- Action item -
In the listing below, find the line with "아메리칸 레트로 여름" and the line with "特别促销通常提供 1.5 - 10", then return them and every line between them exactly, minus the pictures.

- Records supplied -
--------------------------------------------------
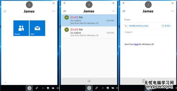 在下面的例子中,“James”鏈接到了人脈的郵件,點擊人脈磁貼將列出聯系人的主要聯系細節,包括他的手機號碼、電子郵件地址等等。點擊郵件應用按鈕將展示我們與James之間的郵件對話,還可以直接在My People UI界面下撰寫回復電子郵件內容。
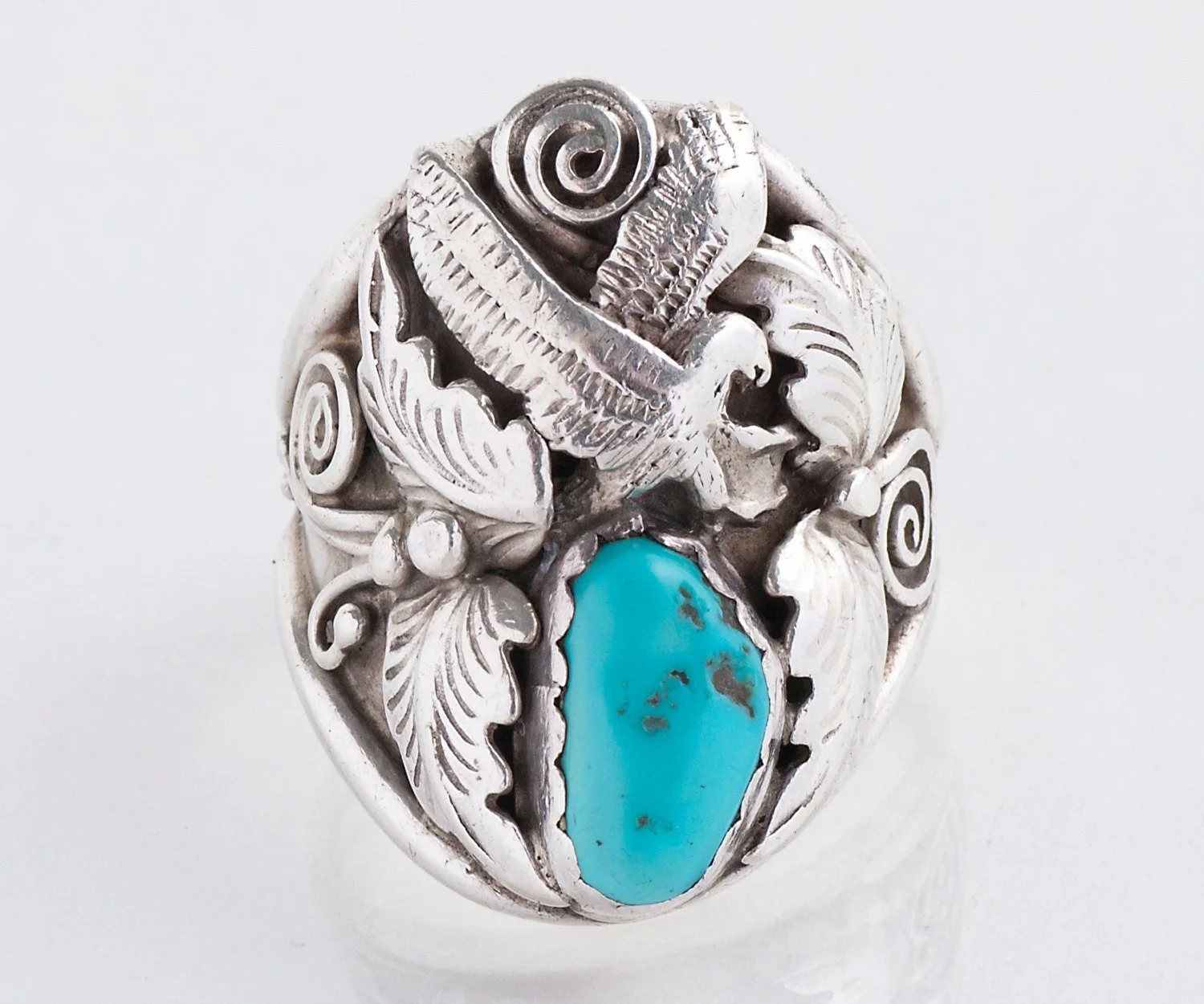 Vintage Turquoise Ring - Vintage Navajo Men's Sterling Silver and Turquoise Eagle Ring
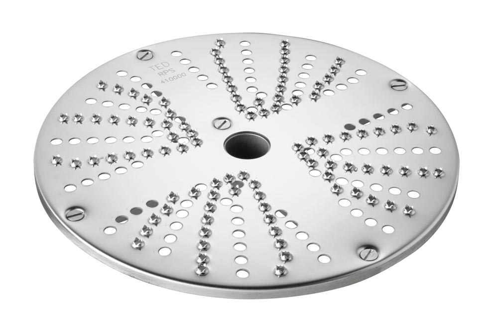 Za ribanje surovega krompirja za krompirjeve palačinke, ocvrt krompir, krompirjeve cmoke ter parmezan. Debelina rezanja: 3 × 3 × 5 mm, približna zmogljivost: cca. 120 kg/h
--------------------------------------------------
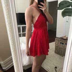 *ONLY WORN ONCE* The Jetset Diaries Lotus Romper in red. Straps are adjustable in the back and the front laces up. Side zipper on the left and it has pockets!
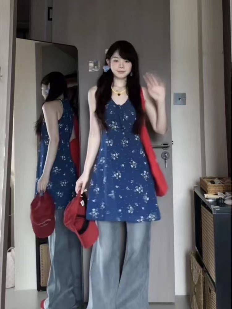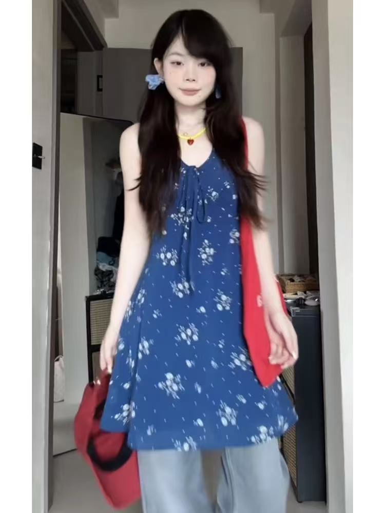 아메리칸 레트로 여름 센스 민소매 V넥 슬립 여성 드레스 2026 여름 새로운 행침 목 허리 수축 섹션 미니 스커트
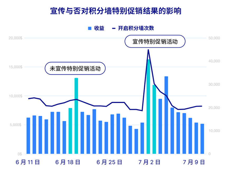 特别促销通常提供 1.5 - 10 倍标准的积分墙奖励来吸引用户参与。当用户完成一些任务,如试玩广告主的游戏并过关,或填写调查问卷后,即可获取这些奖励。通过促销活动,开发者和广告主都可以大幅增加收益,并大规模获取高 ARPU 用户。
--------------------------------------------------
- Exercise result -
 아메리칸 레트로 여름 센스 민소매 V넥 슬립 여성 드레스 2026 여름 새로운 행침 목 허리 수축 섹션 미니 스커트
 特别促销通常提供 1.5 - 10 倍标准的积分墙奖励来吸引用户参与。当用户完成一些任务,如试玩广告主的游戏并过关,或填写调查问卷后,即可获取这些奖励。通过促销活动,开发者和广告主都可以大幅增加收益,并大规模获取高 ARPU 用户。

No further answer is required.